The Invisible Man
Het is geen gemakkelijke prestatie om te volbrengen. Deels omdat Whannells speelterrein zich afspeelt binnen een bestaand eigendom dat met zorg behandeld zou moeten worden – James Whale’s pre-code klassieker uit circa 1933, bewerkt naar H.G. Wells’ roman uit 1897 – dat wil zeggen, als we iets geleerd hebben van verschillende glansloze studioremakes van de afgelopen jaren. Maar vooral omdat we ons in het tijdperk van #MeToo bevinden, waarin de ooit beschermde monsters van de echte wereld eindelijk worden ontmaskerd voor wat ze zijn, en hun terroriserende krachten worden onderzocht in geweldige films als Kitty Green’s “The Assistant” – een lang uitgestelde revolutie die niet mag worden veracht of misbruikt. Gelukkig is de Australische schrijver/regisseur achter de zeer succesvolle Saw- en Insidious-franchises uitgerust met zowel voldoende visuele flair – “The Invisible Man” doet denken aan David Finchers meesterwerk in de Bay Area-setting “Zodiac” en de maffe kwaliteit van James Camerons spannende “Terminator 2: Judgment Day” wanneer je het het minst verwacht – als frisse ideeën om het klassieke Universal Movie-monster te voorzien van tijdloze en actuele angsten. En hij doet dat op verrassend doordachte manieren, door iets bekends te updaten met een inventieve kijk.

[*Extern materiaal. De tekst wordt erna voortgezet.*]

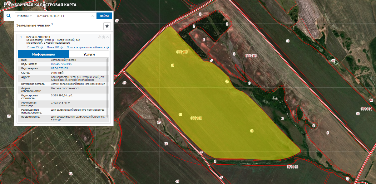Лот № 283 Право аренды зем. участка, с/х назначения, S= 1 423 948 м2, кад. № 02:34:070103:11 срок договора аренды до 19.03.2024 г., участок расположен в Респ. Башкортостан, Кугарчинский район, форма собственности земельного участка паевые.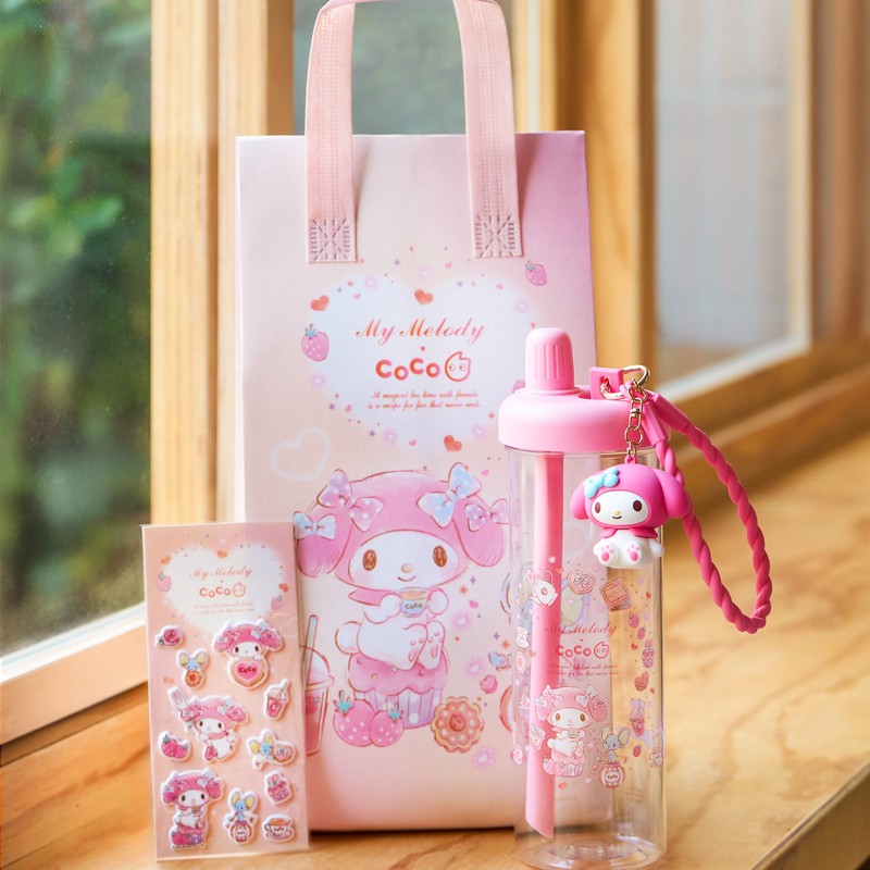 除聯名紙杯外,品牌同步推出多款限定周邊。消費者於門市臨櫃消費任一杯飲品即可加$399購得Tritan耐熱材質、安全無毒的冷水杯,隨杯附美樂蒂立體吊飾與粉Q掛繩,超可愛又實用,喝什麼都開心,手搖控女孩必收!週邊數量稀有,限臨櫃消費可加購。

Het zou niet vergezocht zijn om te suggereren dat een deel van wat Green met haar meesterwerk vooropstelde, ook datgene is wat “The Invisible Man” (en uiteindelijk ook de zichtbare vrouw die uit haar mogelijkheden wordt beroofd) zijn cumulatieve kracht verleent – een meedogenloze nadruk op de eenzaamheid die emotioneel geweld bij de mishandelden teweegbrengt. Er is een constante in alle scherp gemonteerde, angstaanjagende set pieces, gefilmd door Stefan Duscio met elegante, slimme camerabewegingen in slaapkamers, zolders, restaurants en afgelegen landhuizen: een waakzame focus op Cecilia’s isolement. Dat isolement, versterkt door Benjamin Wallfisch’ duivelse score, is toevallig ook het scherpste mes van haar verborgen aanvaller. Een dodelijk wapen dat anderen weigeren te zien en te erkennen.
Eén opluchting is dat Whannell ons nooit in verbijstering achterlaat bij het zien van zijn gemene, knap gestileerde en meeslepende thriller. We geloven Cecilia door en door, terwijl anderen, misschien begrijpelijk, weigeren dat te doen en in plaats daarvan haar geestelijke gezondheid in twijfel trekken. (Zeker, “de gekke vrouw naar wie niemand wil luisteren” is een lang misbruikt cliché, maar wees gerust, in Whannells handen leidt deze doorgedreven bug uiteindelijk tot een diep verdiende conclusie). En ja, wij als publiek staan tenminste aan haar zijde, vanaf de strakke opening van de film wanneer Cecilia met een lang gekoesterde bedoeling wakker wordt naast haar slapende vijand, maar geen sporen vertoont van Julia Roberts’ breekbaarheid. In plaats daarvan bespeuren we iets zowel machtigs als kwetsbaars in haar, dichter bij Sarah Connor van “The Terminator” in de geest, wanneer ze met kracht door het bos rent om aan haar wrede partner Adrian (Oliver Jackson-Cohen) te ontsnappen, wordt opgepikt door haar zus Alice (Harriet Dyer) na een aantal hartverlammende tegenslagen en haar toevlucht zoekt bij haar jeugd beste vriend James (Aldis Hodge) – een vindingrijke agent die samenwoont met zijn tienerdochter Sydney (Storm Reid), die ervan droomt om naar een design school te gaan die ze zich niet kunnen veroorloven.